Шрифт:
Интервал:
Закладка:
В Москву попеременно ездили дедушка, бабушка навестить дядю Васю, дядю Федю с их семьями, ездил отец. Каждый раз я с нетерпением ждал их возвращения – они должны были привезти новую книжку. Из этих книжек запомнилась большого формата с приятной жёлтенькой обложкой – стихи Михалкова. Стихи мне понравились, как и сама книжка, хорошо оформленная, с интересными картинками. Стихи были про дядю Стёпу, про туриста, и самое интересное – про упрямого Фому.
Иногда случалось мне заболеть. Тогда приходил доктор, добродушный человек – кругленький, с животиком, с головой, лишённой малейших признаков растительности, имевший при себе в саквояже докторские принадлежности. Входя с мороза, он раздевался с помощью бабушки, умывал руки нагретой для него водой, спрашивал, что случилось, доставал из саквояжа докторский халат, облачался в него, подходил ко мне, лежавшему в постели, давал измерить температуру, выслушивал с помощью трубочки, выстукивал, просил чайную ложечку, пользуясь которой, осматривал горло, требовал сказать «а-а-а». Наконец выписывал «микстурку», «порошочки», рекомендовал горчичники, грелку, компресс или банки, говорил что-нибудь подбадривающее, а выполнив всё что нужно, снимал халат, укладывал его и прочее в саквояж и уходил. Позже я узнал, что доктор был всего лишь фельдшером.
Однажды у меня заболело ухо. Было назначено лечение. Ночью боль в ухе усилилась. Я решил, никого не беспокоя, полечиться самому. Днём мне закапывали что-то, и на тумбочке, возле постели, оставалось много разных пузырьков. Я выбрал наиболее полный, лёг на здоровое ухо, а больное до краёв наполнил из этого пузырька. Жидкость была прохладная, стало легче, и я уснул. Утром, подойдя ко мне, мать и бабушка всплеснули руками. Оказалось, я влил себе скипидар, который к тому же разлился по щеке, образовав ожог.
В то время всем детям в обязательном порядке делали прививку против дифтерита. Делали три очень болезненных укола с перерывом между ними в несколько дней.
Мы с Эммой обедаем в кухне. Во дворе мелькает фигура, мы сразу узнаём – это укольщик. Эмма начинает громко кричать. Бабушка уговаривает, утешает её. Я, как мужчина, креплюсь.
Укольщик раскладывает сверкающие никелем страшные свои приспособления. Он рыжий, говорит что-то успокаивающее, но мы-то знаем, как больно будет несколько дней после укола.

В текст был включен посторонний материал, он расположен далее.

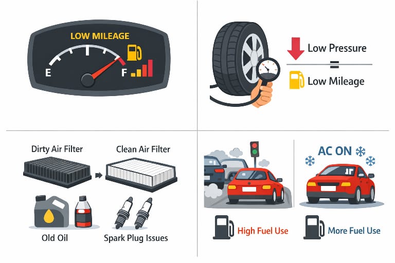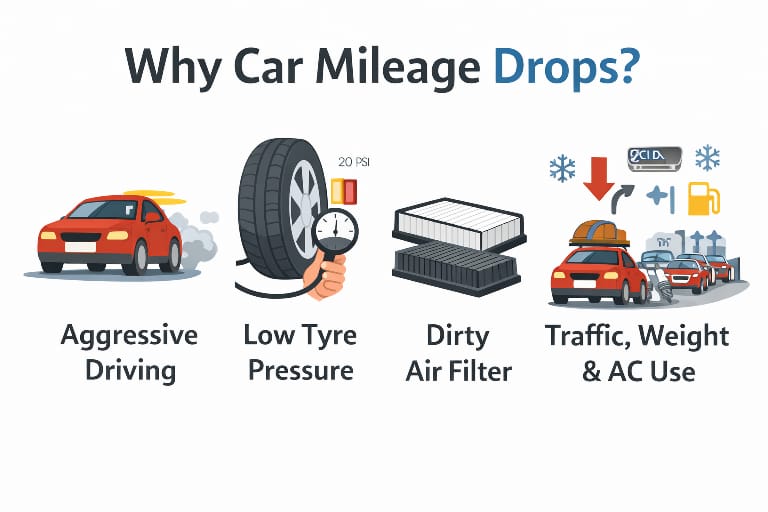 Car mileage अचानक गिरने की सबसे बड़ी वजह driving style, low tyre pressure, traffic conditions, AC overuse और delayed servicing होती है। कई बार engine में कोई बड़ी खराबी नहीं होती, लेकिन small factors मिलकर mileage को 25–30% तक reduce कर देते हैं।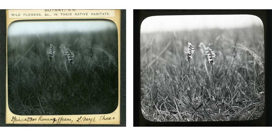 Fig.8 & 9 A lantern slide with an image produced by R. J. Welch. The image is of Spiranthes romanzoffiana, or ‘Irish Lady’s Tresses’. The handwritten inscription suggests that the slide was handmade. Note the same image on the right,

В разное время у меня были ворона, воробей, белочка. Ворону подстрелил из самопала Василь. Она была ранена в крыло и не могла летать. Я ухаживал за нею, но она умерла. Я устроил ей настоящие похороны – в гробике, для чего использовал подходящую коробочку. За сараем вырыл ямку, сделал надгробный бугорок, соорудил памятник из какой-то палочки.
Воробья, замерзавшего на снегу, принёс дядя Коля. Он отогрелся, ожил и стал перелетать из комнаты в комнату, возбудив алчное внимание Миньки. Я гнал Миньку, защищая воробья, но всё было напрасно. Глаза у Миньки разгорались, он прыгал за воробьём на шкаф, на печку, и однажды под кроватью я нашёл маленькую кучку пёрышек – всё, что осталось от бедного воробья.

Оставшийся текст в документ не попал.